## Work request
Return the lines below exactly, please, from the one containing "Excellent Condition Furry" through the last one, both included, and leave out any pictures.

Start of Records for the task

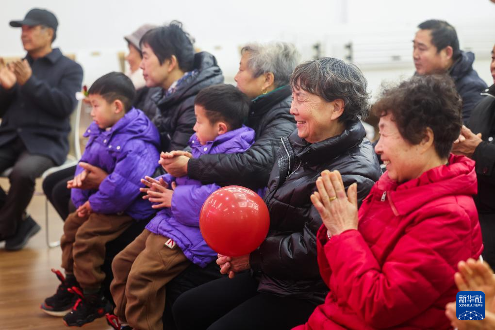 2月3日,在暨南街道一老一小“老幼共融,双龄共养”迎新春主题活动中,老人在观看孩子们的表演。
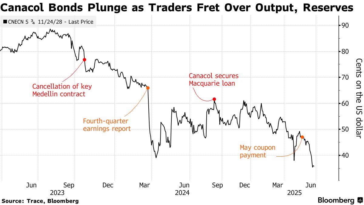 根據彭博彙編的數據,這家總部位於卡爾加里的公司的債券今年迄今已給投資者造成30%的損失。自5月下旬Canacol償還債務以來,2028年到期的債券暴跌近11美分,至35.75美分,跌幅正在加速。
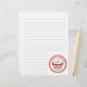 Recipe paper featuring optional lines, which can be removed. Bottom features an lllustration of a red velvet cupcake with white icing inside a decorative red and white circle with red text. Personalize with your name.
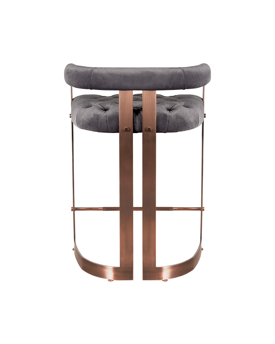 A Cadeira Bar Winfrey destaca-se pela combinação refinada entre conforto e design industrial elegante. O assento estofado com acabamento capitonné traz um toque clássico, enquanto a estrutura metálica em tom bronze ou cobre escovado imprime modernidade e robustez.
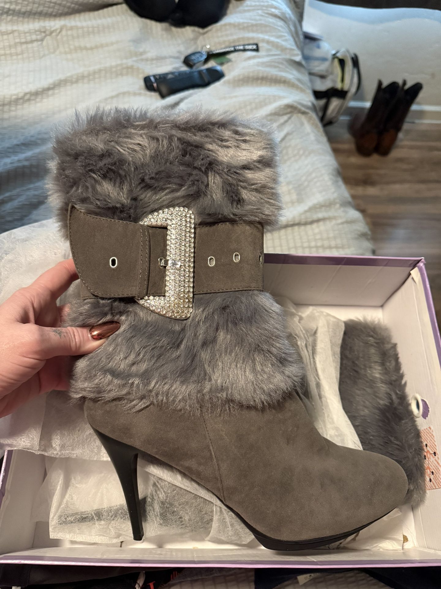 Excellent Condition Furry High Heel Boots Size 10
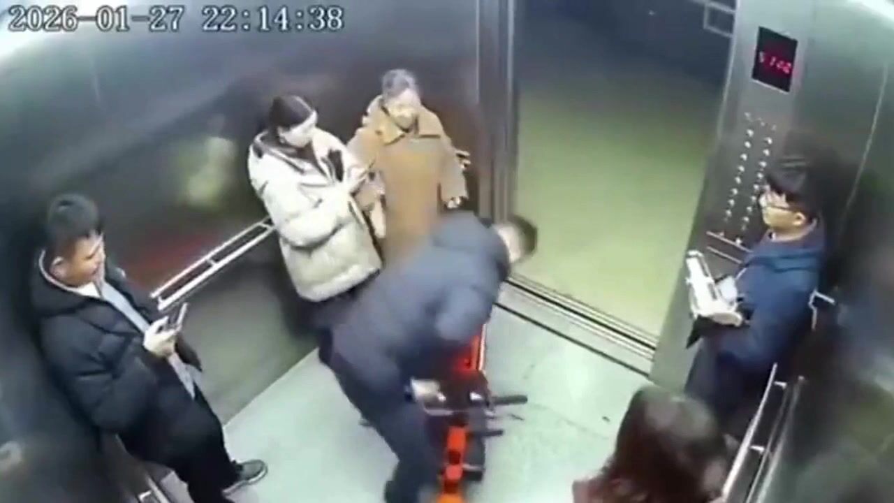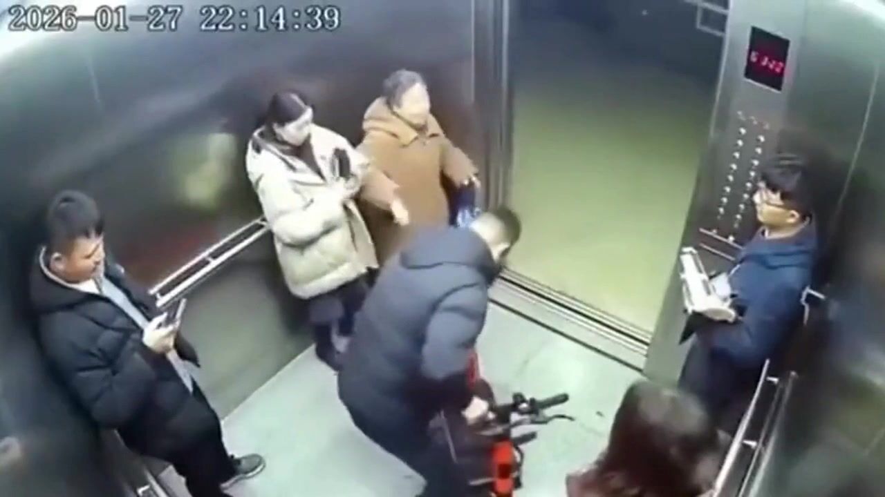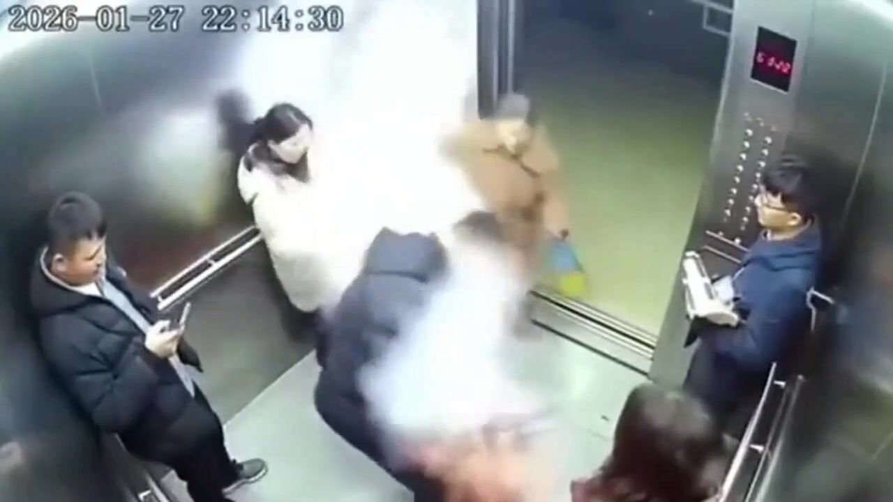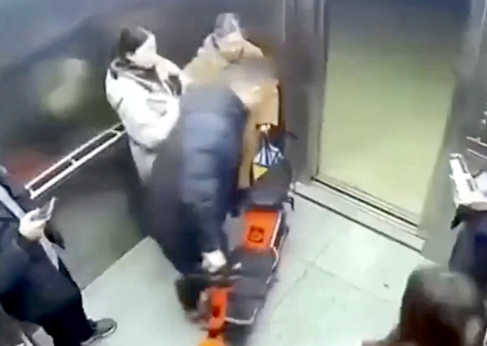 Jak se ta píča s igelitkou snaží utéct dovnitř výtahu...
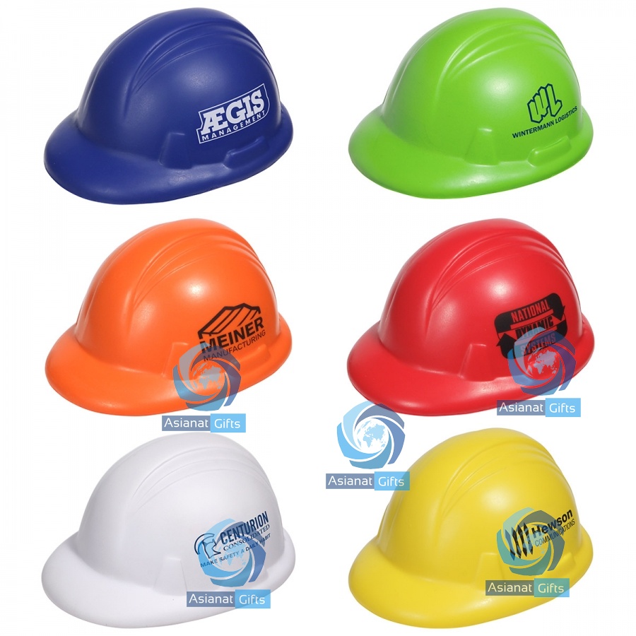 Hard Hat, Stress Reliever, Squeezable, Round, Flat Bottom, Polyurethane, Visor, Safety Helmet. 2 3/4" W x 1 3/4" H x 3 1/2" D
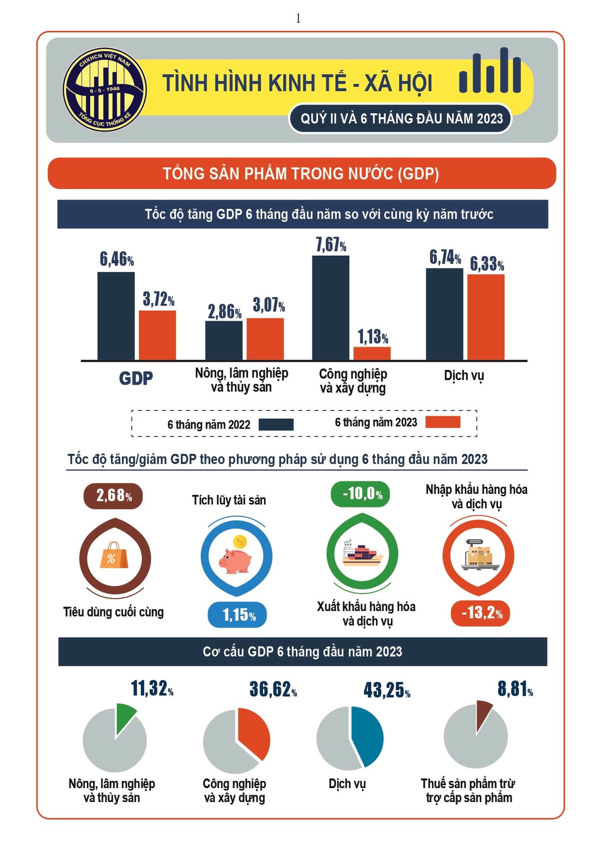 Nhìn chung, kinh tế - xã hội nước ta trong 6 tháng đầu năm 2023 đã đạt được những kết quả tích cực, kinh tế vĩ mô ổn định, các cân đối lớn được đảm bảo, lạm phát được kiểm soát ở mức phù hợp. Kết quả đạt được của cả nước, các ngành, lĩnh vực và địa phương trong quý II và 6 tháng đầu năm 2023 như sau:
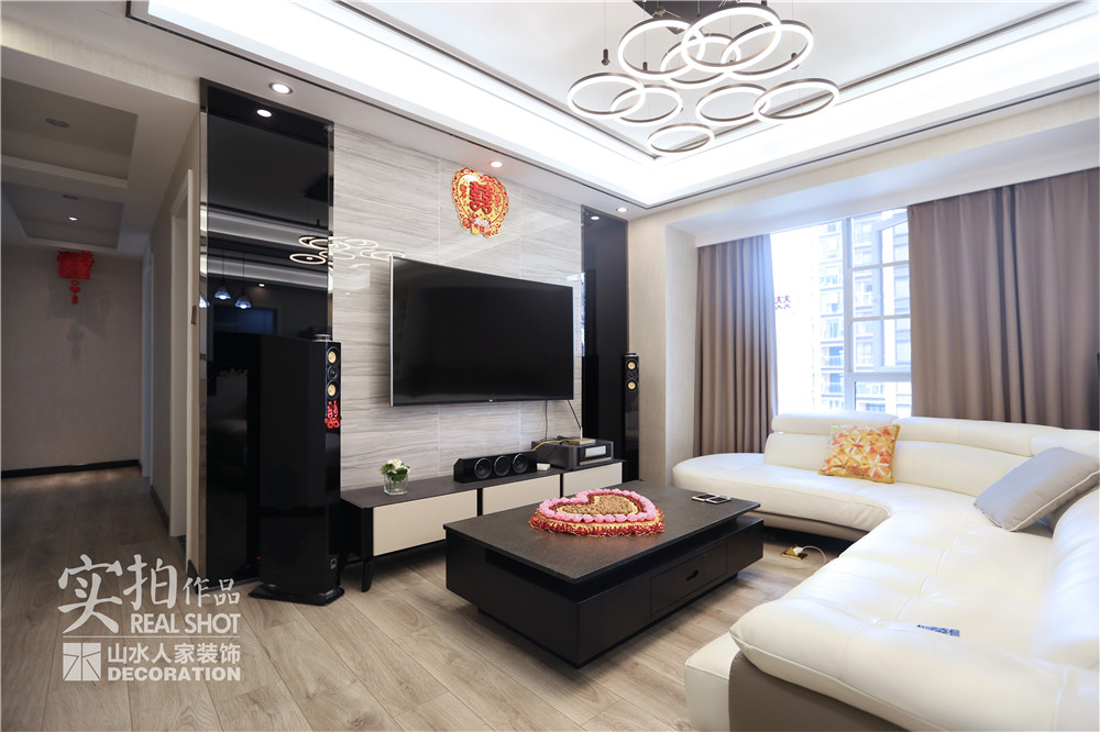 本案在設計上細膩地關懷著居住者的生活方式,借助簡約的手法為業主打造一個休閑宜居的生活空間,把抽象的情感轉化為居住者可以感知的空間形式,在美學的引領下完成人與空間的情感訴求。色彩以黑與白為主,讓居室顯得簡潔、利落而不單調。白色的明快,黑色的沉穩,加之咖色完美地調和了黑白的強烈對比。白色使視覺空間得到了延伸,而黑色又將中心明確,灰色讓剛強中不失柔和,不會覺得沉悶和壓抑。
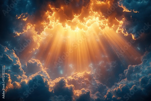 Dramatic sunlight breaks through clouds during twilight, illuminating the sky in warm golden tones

End of Records for the task

## Exercise result
 Excellent Condition Furry High Heel Boots Size 10
 Jak se ta píča s igelitkou snaží utéct dovnitř výtahu...
 Hard Hat, Stress Reliever, Squeezable, Round, Flat Bottom, Polyurethane, Visor, Safety Helmet. 2 3/4" W x 1 3/4" H x 3 1/2" D
 Nhìn chung, kinh tế - xã hội nước ta trong 6 tháng đầu năm 2023 đã đạt được những kết quả tích cực, kinh tế vĩ mô ổn định, các cân đối lớn được đảm bảo, lạm phát được kiểm soát ở mức phù hợp. Kết quả đạt được của cả nước, các ngành, lĩnh vực và địa phương trong quý II và 6 tháng đầu năm 2023 như sau:
 本案在設計上細膩地關懷著居住者的生活方式,借助簡約的手法為業主打造一個休閑宜居的生活空間,把抽象的情感轉化為居住者可以感知的空間形式,在美學的引領下完成人與空間的情感訴求。色彩以黑與白為主,讓居室顯得簡潔、利落而不單調。白色的明快,黑色的沉穩,加之咖色完美地調和了黑白的強烈對比。白色使視覺空間得到了延伸,而黑色又將中心明確,灰色讓剛強中不失柔和,不會覺得沉悶和壓抑。
 Dramatic sunlight breaks through clouds during twilight, illuminating the sky in warm golden tones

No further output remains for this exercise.